▸ **DATA SUPPLIED**:
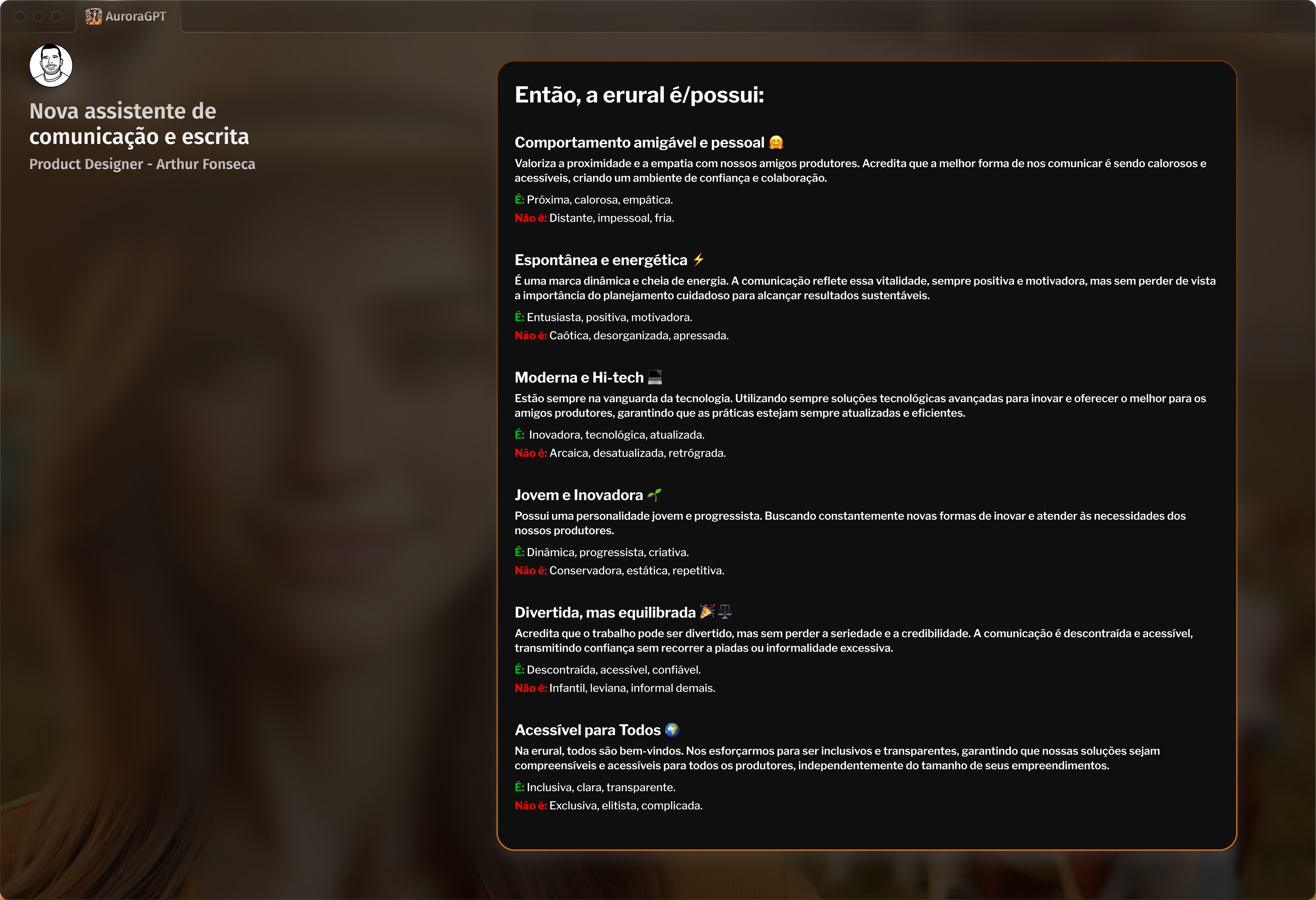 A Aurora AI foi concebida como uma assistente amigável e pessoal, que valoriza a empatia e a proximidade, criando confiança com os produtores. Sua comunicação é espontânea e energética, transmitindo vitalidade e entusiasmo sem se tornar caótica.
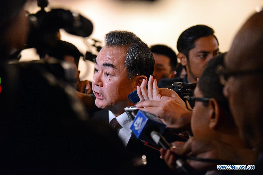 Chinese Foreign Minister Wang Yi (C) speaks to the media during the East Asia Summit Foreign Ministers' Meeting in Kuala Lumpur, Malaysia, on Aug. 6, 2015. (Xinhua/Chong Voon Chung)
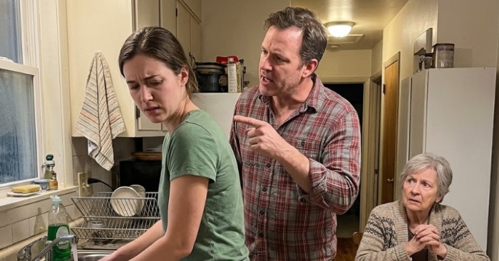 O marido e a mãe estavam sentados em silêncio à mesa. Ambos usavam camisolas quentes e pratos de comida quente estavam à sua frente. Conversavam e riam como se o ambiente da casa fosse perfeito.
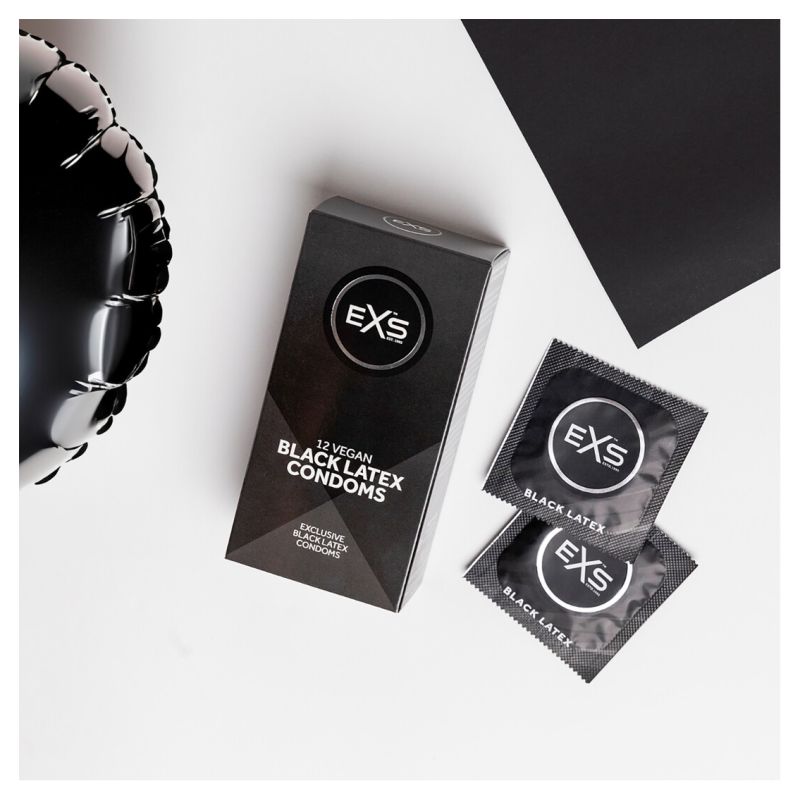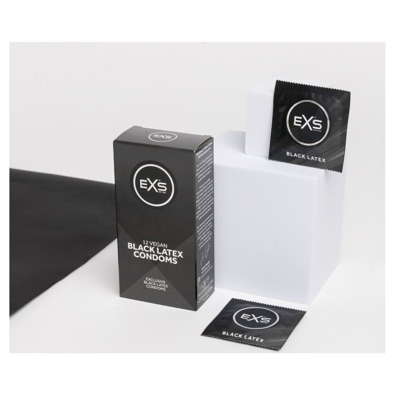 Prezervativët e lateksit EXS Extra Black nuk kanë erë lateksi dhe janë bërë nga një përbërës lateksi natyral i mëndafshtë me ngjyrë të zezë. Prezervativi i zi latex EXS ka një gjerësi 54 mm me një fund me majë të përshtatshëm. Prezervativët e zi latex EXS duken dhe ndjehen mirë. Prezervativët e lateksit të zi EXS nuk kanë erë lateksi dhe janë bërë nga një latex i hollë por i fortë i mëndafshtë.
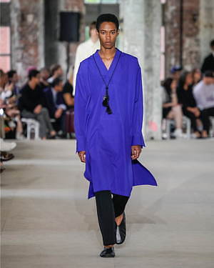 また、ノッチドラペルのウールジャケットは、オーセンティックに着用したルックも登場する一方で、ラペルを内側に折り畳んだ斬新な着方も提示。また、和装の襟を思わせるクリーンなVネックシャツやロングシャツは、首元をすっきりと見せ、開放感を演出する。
* * *
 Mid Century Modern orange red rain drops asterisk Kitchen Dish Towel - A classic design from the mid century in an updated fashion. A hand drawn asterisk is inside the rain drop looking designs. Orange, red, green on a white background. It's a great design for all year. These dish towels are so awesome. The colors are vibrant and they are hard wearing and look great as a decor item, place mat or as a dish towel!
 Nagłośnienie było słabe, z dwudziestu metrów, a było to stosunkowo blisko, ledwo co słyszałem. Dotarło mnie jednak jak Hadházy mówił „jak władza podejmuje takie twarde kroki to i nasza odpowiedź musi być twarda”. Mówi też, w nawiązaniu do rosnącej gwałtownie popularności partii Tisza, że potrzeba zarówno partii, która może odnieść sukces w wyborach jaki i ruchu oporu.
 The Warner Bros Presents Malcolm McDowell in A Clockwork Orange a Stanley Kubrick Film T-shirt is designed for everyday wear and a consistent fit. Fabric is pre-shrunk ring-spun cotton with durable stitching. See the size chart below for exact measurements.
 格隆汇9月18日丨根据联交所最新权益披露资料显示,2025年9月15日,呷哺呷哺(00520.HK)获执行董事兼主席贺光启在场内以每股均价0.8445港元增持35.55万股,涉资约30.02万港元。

▸ **EXERCISE REQUIREMENTS**: Going by the entries above, repeat exactly the lines that start at the line with "Chinese Foreign Minister" and go on through the line with "また、ノッチドラペルのウール". Pictures are not part of the copy.

▸ **YOUR RESPONSE**:
 Chinese Foreign Minister Wang Yi (C) speaks to the media during the East Asia Summit Foreign Ministers' Meeting in Kuala Lumpur, Malaysia, on Aug. 6, 2015. (Xinhua/Chong Voon Chung)
 O marido e a mãe estavam sentados em silêncio à mesa. Ambos usavam camisolas quentes e pratos de comida quente estavam à sua frente. Conversavam e riam como se o ambiente da casa fosse perfeito.
 Prezervativët e lateksit EXS Extra Black nuk kanë erë lateksi dhe janë bërë nga një përbërës lateksi natyral i mëndafshtë me ngjyrë të zezë. Prezervativi i zi latex EXS ka një gjerësi 54 mm me një fund me majë të përshtatshëm. Prezervativët e zi latex EXS duken dhe ndjehen mirë. Prezervativët e lateksit të zi EXS nuk kanë erë lateksi dhe janë bërë nga një latex i hollë por i fortë i mëndafshtë.
 また、ノッチドラペルのウールジャケットは、オーセンティックに着用したルックも登場する一方で、ラペルを内側に折り畳んだ斬新な着方も提示。また、和装の襟を思わせるクリーンなVネックシャツやロングシャツは、首元をすっきりと見せ、開放感を演出する。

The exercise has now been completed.